The FPSW reporting requirements were heavily criticized for being costly and burdensome — with a specific focus on the survivability of companies overhauling current reporting systems to be inclusive of reporting subcontractor violations.145 The cost of compliance did not further the purported government goal of equalizing opportunities for contractors.146 Instead, contractors would not have been able to withstand the immediate increase in costs from overhauling current reporting systems.147 Therefore, in the future, it is important to note that incorrectly overhauling the current system would cause contractors to incur immense costs and potentially violate established constitutional rights.148 While the general public would not initially feel the burden of these costs, contract prices inevitably would rise and place the burden of these costs on taxpayers.149

The current responsibility framework has a reporting system in place that successfully keeps track of final violations.150 Refashioning the reporting system would begin by fine-tuning the existing structure and aggregating existing data of violations into one database.151 By updating the existing systems, contractors would not have to keep close track of each contract, the award date, and the violations that need to be reported before the contract is deemed final.152 However, final violations would still be reported to protect workers from delinquent contractors and keep the government informed of misconduct.153 Further, fine-tuning the existing systems means that prime contractors would not have to keep close track of subcontractor violations or determine the responsibility of a subcontractor — easing the burden on prime contractors.154 The FPSW process was drawn-out and confusing, and accordingly, any future regulations should limit the burden of prime contractors reporting subcontractor violations. Limiting the burden of reporting requirements on contractors will also minimize contractors exiting the market, which cannot withstand the difficulty of complex reporting requirements.155

Hypothetically, a future regulation could require the aggregation of data from the System for Award Management (“SAM”) database, the Federal Awardee Performance and Integrity Information System (“FAPIIS”), the OSHA database, and any other relevant databases that the DoL maintains.156 The creation of a combined database that provides a comprehensive overview of final determinations of violations would streamline the reporting process and make the final determinations easy to access. In addition to including past final violations, the new database could require annual updates of recent violations, providing a reasonable timeline for contractor compliance with the reporting requirements. Assuming a future regulation created such a database, a Contracting Officer could check the combined database when making an evaluation. If questions arise about the responsibility of a contractor, or subcontractor, the Contracting Officer could consult with an Agency Labor Compliance Advisor (“ALCA”), as discussed below.

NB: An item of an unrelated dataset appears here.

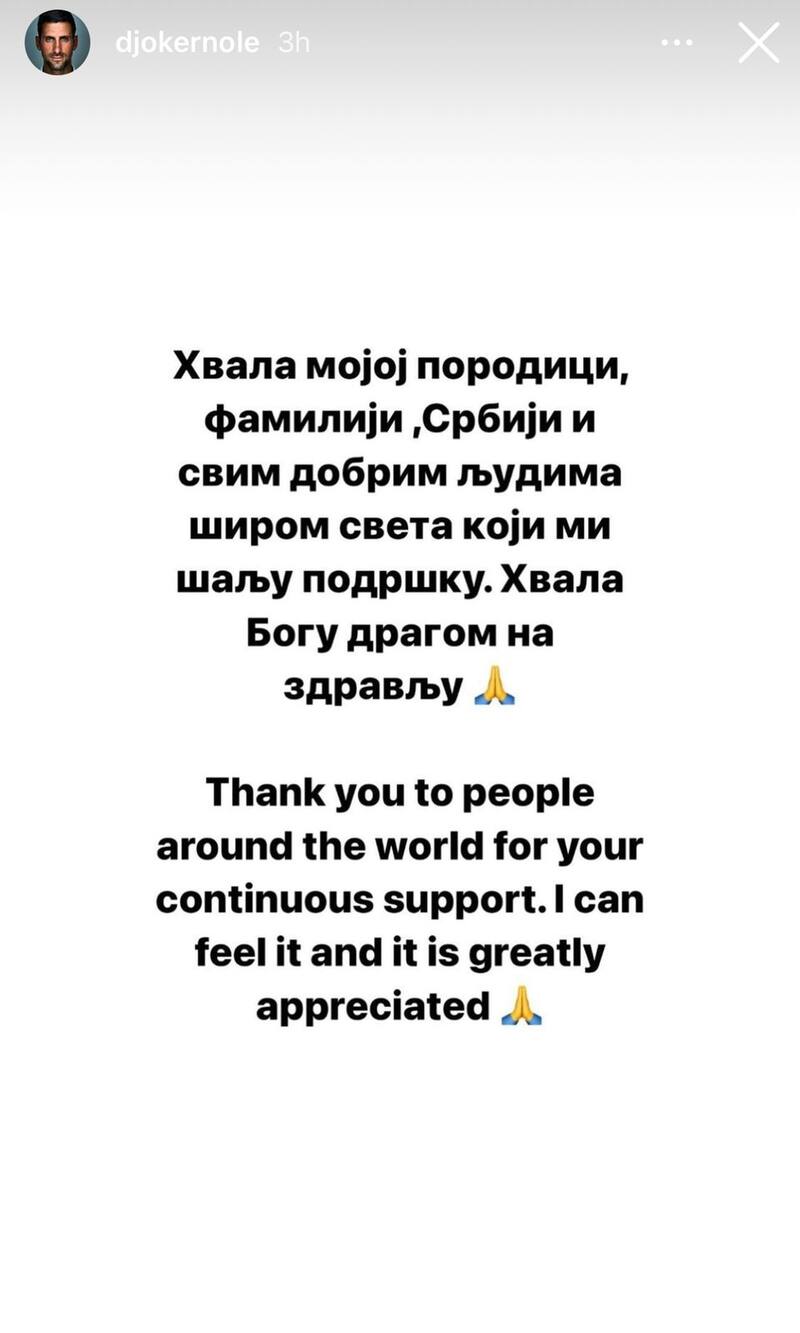 “Gracias a mi familia, a mis amigos, a Serbia, y a toda la gente buena alrededor del mundo que me envía su apoyo. Gracias a Dios por la salud”, escribió en la plataforma virtual.

The use of ALCAs could be a beneficial and reasonable way to strengthen and maintain communication between contractors and the government regarding labor and employment violations. FPSW envisioned that the ALCAs would provide prime contractors with subcontractor responsibility evaluations, but it would not “provide any substantive way to advise or assist with subcontractor responsibility determination.”157 Unlike the FPSW vision of what an ALCA would do, this position could be utilized as a resource for contractors to understand their rights and processes available if they are faced with reporting a labor law violation.158 In FPSW, ALCAs had three days to provide contractors with a responsibility evaluation — a turnaround deemed to be unrealistic and “likely to be ignored.”159

The ALCA position would be efficient if there was a reasonable amount of time given to the ALCA to report back to the Contracting Officer, so the Contracting Officer could utilize the ALCA recommendations.160 Although the ALCA position was criticized for the potential of providing inconsistent information to contractors, this could be remedied by establishing uniform training and resources to ALCAs across agencies, encouraging consistent recommendations.161 Finally, the burden on Contracting Officers could be remedied by allowing them to consult with ALCAs outside of a mandatory requirement.162 If the ALCAs responded in a timely manner to prime contractors — and there was a centralized database increasing efficiency for the ALCA, it would incentivize Contracting Officers to utilize the ALCAs as a resource to assist in avoiding future liabilities, even without a mandatory requirement.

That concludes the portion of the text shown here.